RORα governs CD8⁺ T cell memory subset specification and offers a therapeutic node for antiviral immunity

Introduction/Rationale: The establishment of immunological memory is crucial for durable antiviral immunity and underlies effective vaccine design in enhancing memory responses. The retinoic acid receptor–related orphan receptor α (RORα), a ligand-regulated transcription factor of the nuclear receptor superfamily, has been implicated in CD8⁺ T cell immunity, yet its role remains poorly defined.

Methods: To investigate this, we integrated genomic approaches with both genetic and pharmacologic perturbations of RORα to examine its role in CD8⁺ T cell development during antiviral responses.

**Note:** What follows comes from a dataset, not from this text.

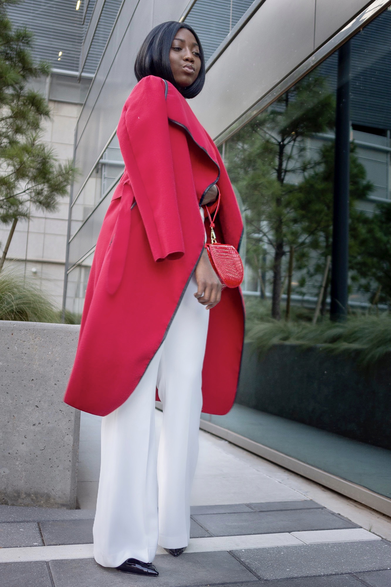 Happy Friday loves! Loving this pretty classy red and white look I pulled together for today’s post. Red is such a bold and eye-catching color that never fails to look amazing on every skin color tone. Color Matching the top and the outerwear is an easy tip that will allow you to look stylish and neatly dressed. This red knitted bodysuit (I totally recommend it!) and this waterfall coat was the perfect combination! Opted for a flared white trousers for the bottoms, to make the red pop even more. Now for such a look, a pair of pumps of color either nude, black, white or red would be a perfect pick! I decided to go with a pair of classic black patent pumps! To even up the red vibe of this polished look, a red croc mini bag would do it! You can never be or looked bored when choosing to dress elegant! All outfit details + more pics and bible’s verse are down below!
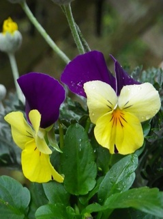 今朝は小雨。 (ヴィオラ) ”ジュウニヒトエ”は、引っぱってもしっかりしてるので、 どうやら子株は根付いたよう。 (親株…

Results: RORα-deficient mice infected with acute lymphocytic choriomeningitis virus (LCMV) exhibited fewer virus-specific CD8⁺ T cells and higher splenic viral titers at day 5 post-infection than wild-type controls. Despite reduced numbers, RORα-deficient CD8⁺ T cells showed enhanced cytotoxic potential, indicating that RORα modulates effector programming rather than overall functional capacity. RORα deficiency also led to increased migration and redistribution of CD8⁺ T cells into non-lymphoid compartments, particularly the liver and adipose tissues, and promoted the development of memory precursors (MP), peripheral memory (TPM), and tissue-resident memory (TRM) populations. Single-cell RNA-seq and ATAC-seq revealed enrichment of transcriptional and chromatin programs linked to MP and TRM gene signatures, including elevated expression of Tcf7 and Runx family members, alongside reduced accessibility at loci governing terminal effector differentiation. Pharmacologic inhibition of RORα with the RORα-selective inverse agonist, SR3335, recapitulated the knockout phenotype, favoring memory CD8⁺ T cell differentiation over terminal effectors.

Conclusion: Collectively, our data reveal distinct programming of CD8 T effector versus memory populations attributable to RORα activity. As a ligand-regulated transcription factor, RORα may be a promising target to enhance CD8⁺ T cell memory responses for improved vaccines and cell-based immunotherapies.